Phase stability enhancement in big power networks using renewable generation units controlled by SPC

High penetration of Renewable Generation Units (RGU), has led to that the interaction of this newfound participators in power network with conventional units be more critical challenges for network operators. Effect on the phase stability in emplacement as well as on neighbor generation units is one of this essential challenges. In this paper, a RGU controlled by Synchronous Power Controller (SPC) which behaves as a big Static Synchronous Generation (SSG-SPC) units, are presented as solution to cope with this challenge. Small signal modelling of a power network in presence of SSG-SPC unit is used to analysis this solution. After illustrating SPC dynamic capabilities, study on IEEE-14B test system based on modal analysis, time domain investigation and real time test confirms that a SSG-SPC not only has not damaging impact on phase stability and dynamic of network, but on the contrary can improve it. Moreover, by having at least two dynamic freedom degrees in SPC, the SSG-SPC can adapt itself for keeping this improvement effect.

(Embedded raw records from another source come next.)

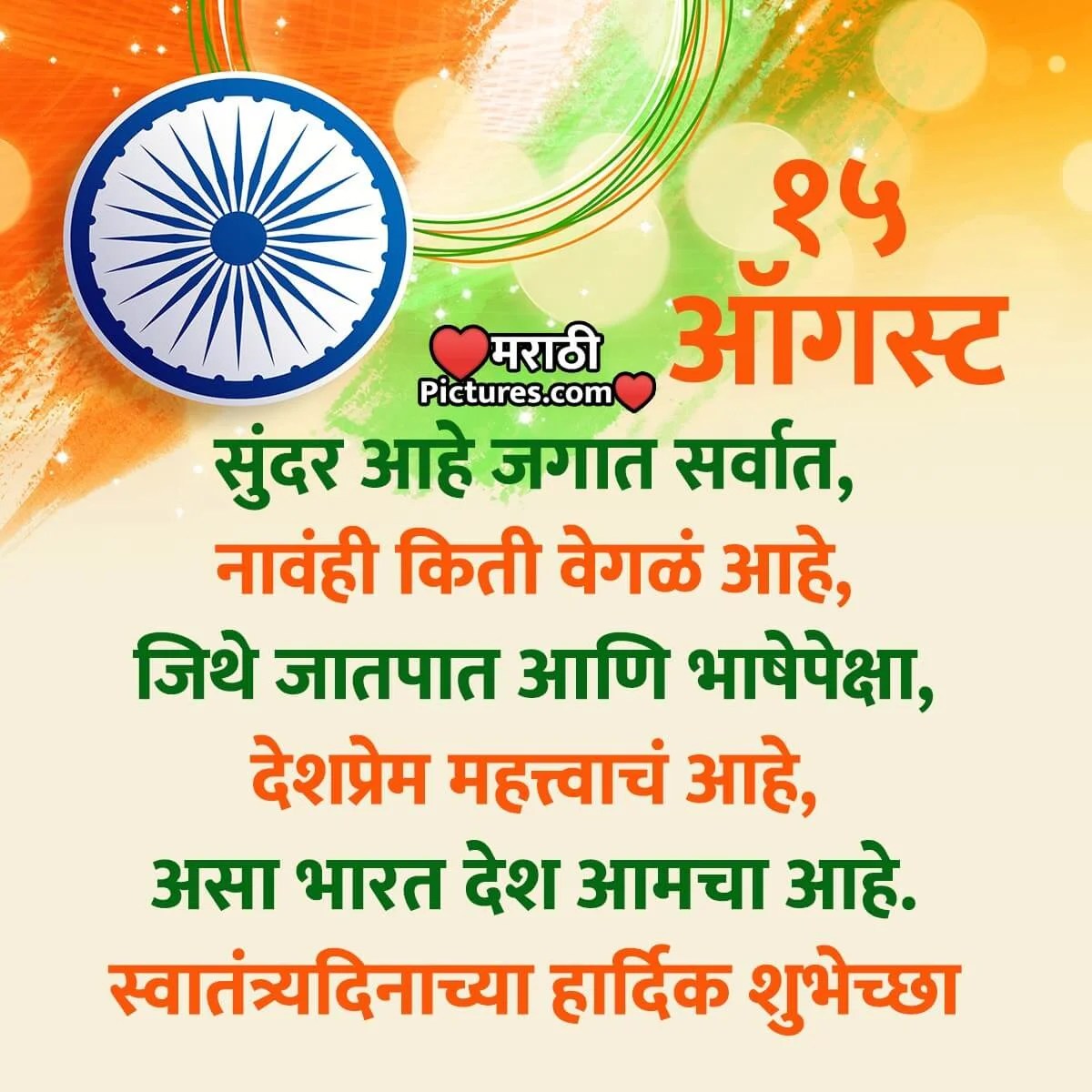 75th Independence Day Wishes and Message, Status in Marathi with Images Independence Day Quotes Marathi Happy independence day in marathi. Independence day thought in marathi. Independence day quotes in marathi. 15 ऑगस्ट 1947 या दिवशी इंग्रजांनी भारत सोडला आणि. Independence day quotes in marathi. स्वातंत्र्य प्रत्येकासाठी आहे त्यास रंग किंवा आकार नाही देशातील द्वेष आणि हिंसाचार नष्ट करून प्रेम आणि समजूतदारपणाने आपले उज्ज्वल भविष्य घडवण्याची आवश्यकता आहे. स्वातंत्र्य दिन मराठी स्टेटस (independence day status in. Independence Day Quotes Marathi.
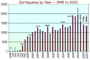 The total number of earthquakes (145961) are 10.28 times the average (14194 from 1900 to 2000) and still over 255.6 times the amount in 1949 (571). As of December 31, 2023, the numbers are:
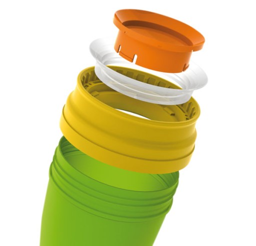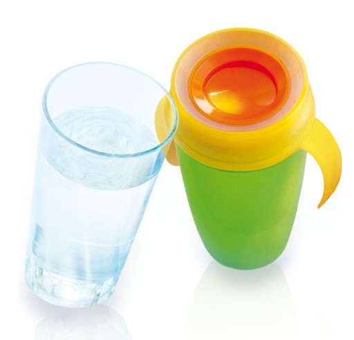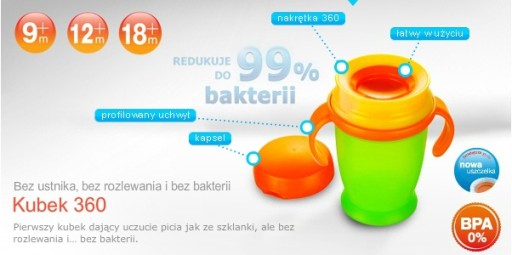 Łatwy do umycia, umożliwia picie bez rozlewania, ale celowo nie jest niekapkiem (przy silnym potrząśnięciu lub upadku wydobywają się krople płynu) - uczy dziecko kontroli ruchów i przygotowuje do picia z otwartego kubka. Uszczelka do kubka jest również sprzedawana osobno.

Synchronous power controller merits for dynamic stability improvement in long line by renewables

Growing universal demand for greater use of renewable energy resources (RES) installed in dispersed location, has caused to more urgent need for long transmission systems to use these green sources. Small signal stability is one of vital challenges for transmission system operators in presence of big RES. In this paper, a Static Synchronous Generators based in Synchronous Power Controller (SSG-SPC) is presented and its capabilities for dynamic stability enhancement in a long AC transmission system is investigated. Dynamic modelling of a long line and then study in Uncompensated and Compensated cases by using time domain simulation and modal analysis, and then experimental test confirms that SSG-SPC can be effective in active damping of power oscillations and reducing small signal stability challenges.